CS152 ML Homework Extra Credit: Beyond Regular Expressions

Part I: The death of the regular expression

In class, someone asked why I had a low opinion of regular expressions. The short version: they are not extensible, and they don't produce any interesting output (just success or failure). In this extra credit, you explore more general abstractions. If you do any of this work, please submit it in file [[parcom.sml]].

A classic regular expression is empty, a character, a concatenation, or the closure of a regular expression. Because it's no harder, we will use ``character classes'' (represented as functions of course). <>= datatype regexp = EMPTY | CHARCLASS of char -> bool | CAT of regexp * regexp | STAR of regexp | OR of regexp * regexp @ A simple character can be represented this way: <>= val char : char -> regexp = fn c => CHARCLASS (fn c' => c = c') @

  1. Write an ML function [[recognize]] of type [[regexp -> string -> bool]] which tells whether a string matches a regular expression. Hint: you may find success and failure continuations useful.
  2. Now write it again so that you may usefully partially apply it. That is, write a compiler that translates a regexp into an automaton.
  3. Now get rid of the [[regexp]] datatype entirely and instead define higher-order functions [[empty]], [[charclass]], [[cat]], [[star]], and [[or]] directly. Write a new version of [[regcognize]] to go with them.
So who cares? What's the big deal here. Well, you can't extend a [[datatype]], but you can write new functions!
  1. Write a function [[all]] that is like [[star]] except that it is greedy; that is, it insists on consuming as much input as possible.

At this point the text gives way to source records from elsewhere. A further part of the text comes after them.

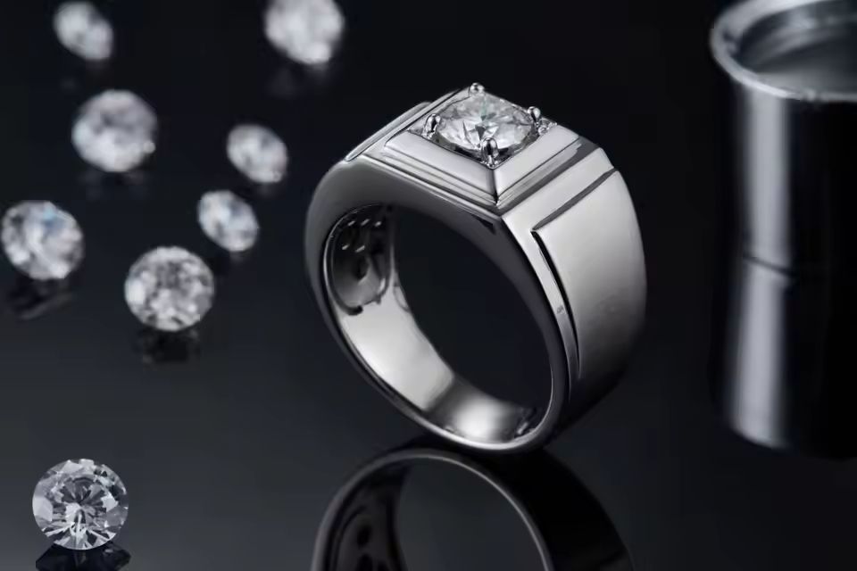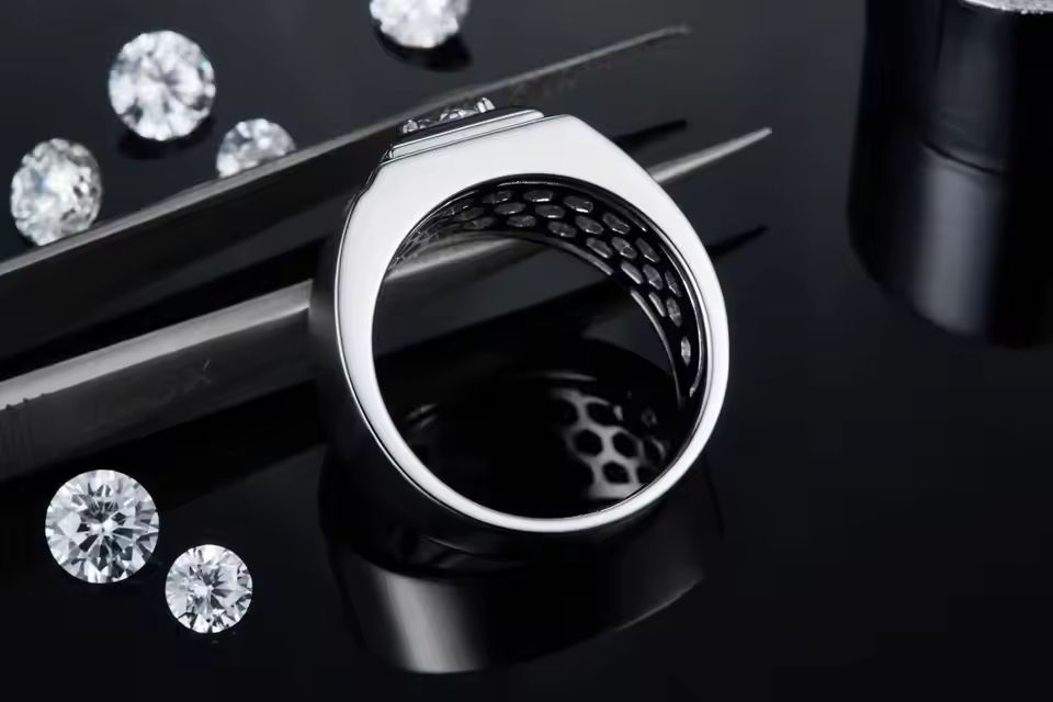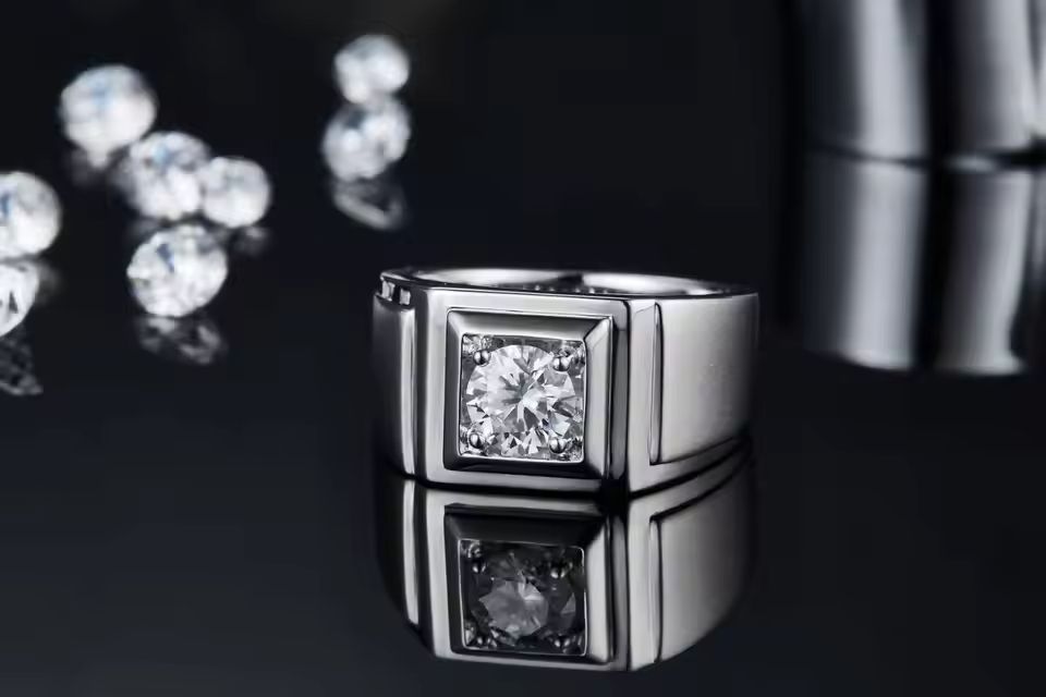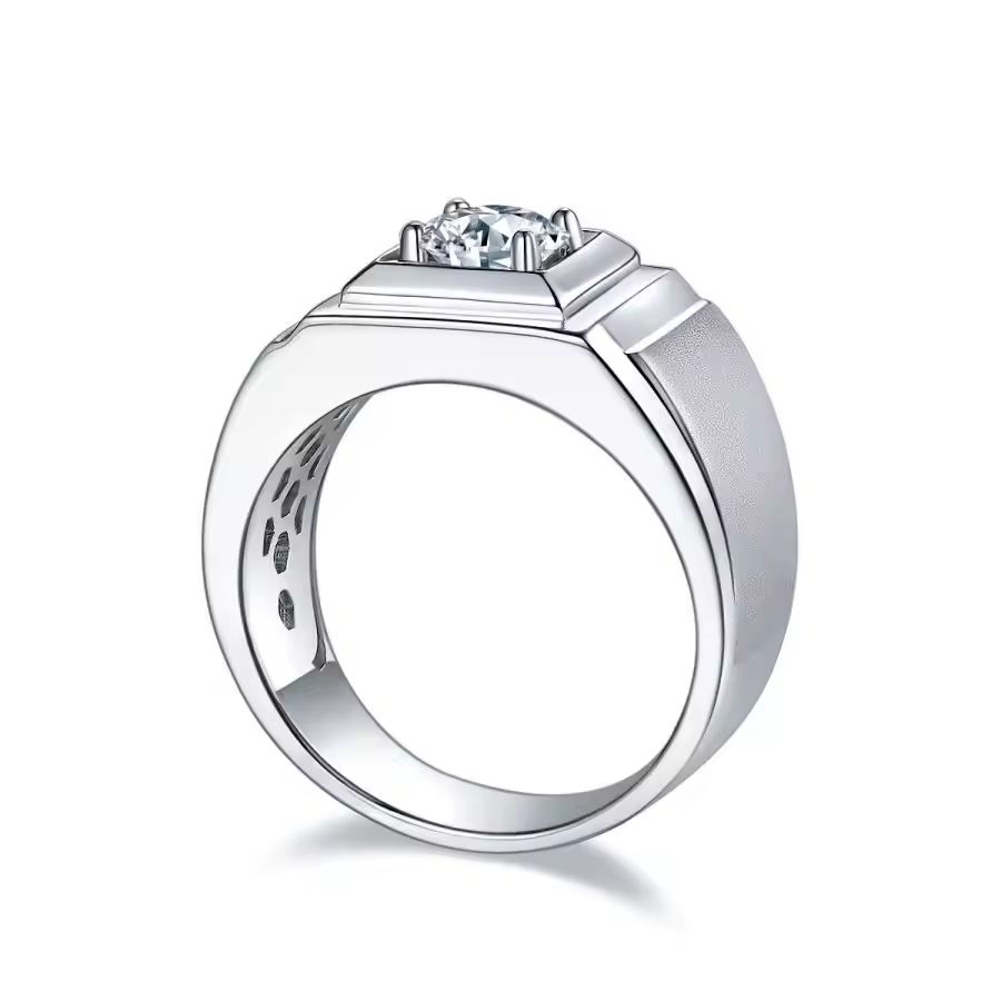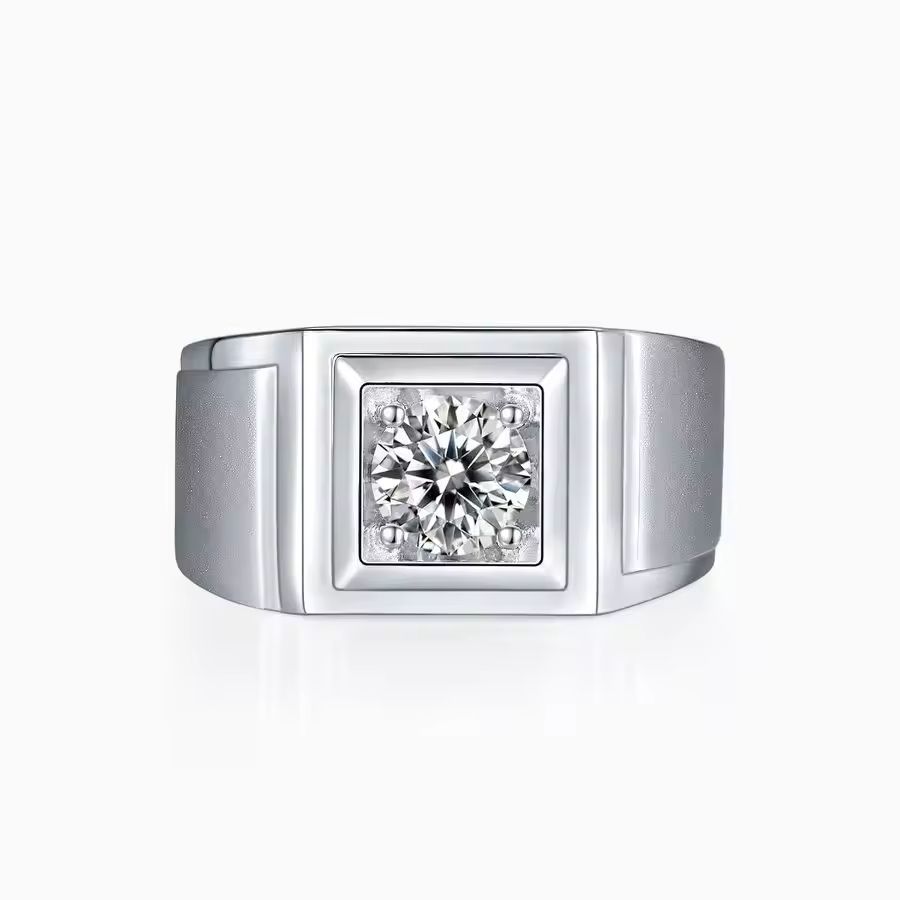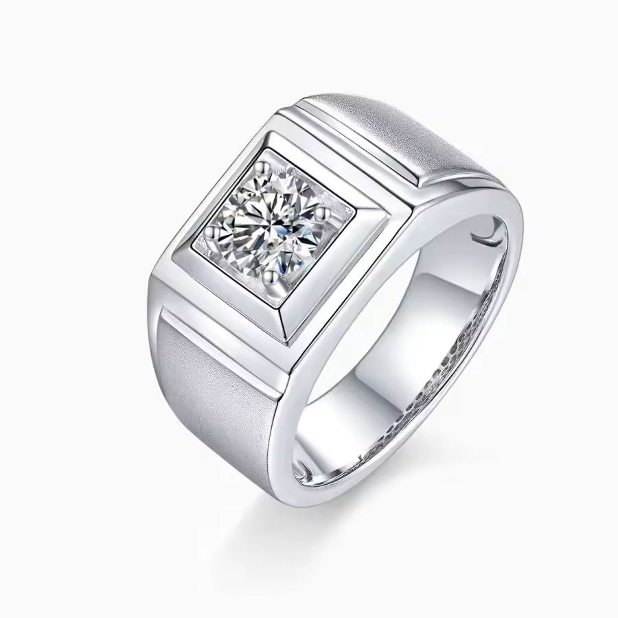 Moissanite 1ct S925 Silver Men's Ring Luxury Men's Wedding Business and Gift Ring for Events and Ceremonies
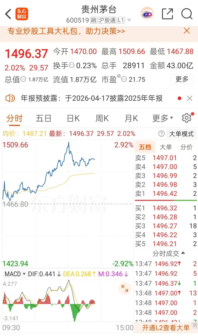 截至记者发稿,贵州茅台上涨2.02%,报1496.37元/股,较辟谣前略有回落。
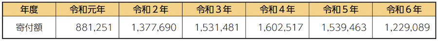 平成28年度から日置市では、インターネットによる寄付受付やクレジットカード決済などを導入し、寄付を行いやすい環境を整えました。また、市内の100以上の事業者から500品を超える日置市自慢の返礼品をご準備した結果、令和6年度は全国の皆さまから総額12億2908万9千円ものご寄付をいただきました。

So the string [[xxx]] would match [[concat(star (char x), char x)]] but not [[concat(all (char x), char x)]].

Part II: The birth of parsing combinators

OK, enough fooling around. Let's define a parser from [['a]] to [['b]] as a function that will take a sequence of values of type [['a]] and do one of two things:
  1. Define the function type [[('a, 'b) parser]] to represent a parser. Hint: try the following types for success and failure continuations:
    type 'b fail = unit -> 'b
    type 'b resume = unit -> 'b
    type ('a, 'b) succ = 'a list -> 'b -> 'b resume -> 'b
    

  2. Write a function
    eof : ('a, unit) parser
    
    which succeeds when it has reached end of file and fails otherwise.

  3. Write a function
    return : 'a -> ('a, 'b) parser
    
    which always succeeds and never consumes any input.

  4. Write a function
    expect : ('a -> bool) -> ('a, 'a) parser
    
    such that [[expect p]] succeeds if the input is nonempty and the first item in the input satisfies [[p]] and fails otherwise. If [[expect p]] succeeds, it returns that first item.

  5. The grownup version of [[or]] operates on parsers:
    infix |||
    op ||| : ('a, 'b) parser * ('a, 'b) parser -> ('a, 'b) parser
    
    The parser [[p1 ||| p2]] first tries [[p1]], then [[p2]]. You will need to build a suitable failure continuation for [[p1]].

  6. The most mathematically deep parsing combinator allows us to combine two parsers in sequence, where the output of one parser is used to determine the second parser:
    infix >>=
    op >>= : ('a, 'b) parser * ('b -> ('a, 'b) parser) -> ('a, 'b) parser
    
    (It would be pleasant if [[>>=]] had an even more general type, but to make it so would require a better way of managing backtracking than explicit success and failure continuations. One technique that is particularly effective is to have a an [[('a, 'b) parser]] return a value of type [[('a list * 'b) list]], but this is efficient only if the outer list is lazy.)

    To implement [[p >>= k]] successfully will require constructing a suitable success continuation for [[p]].

  7. To implement regular expressions, write the following parsers and parser combinators:
    type regexp = (char, string) parser
    empty : regexp
    charclass : (char -> bool) -> regexp
    cat : regexp * regexp -> regexp
    star : regexp -> regexp
    
    If you lean heavily on the combinators you have already done (especially [[>>=]], [[return]], and [[|||]]), this will be trivial. (You will also find the predefined function [[str]] useful.)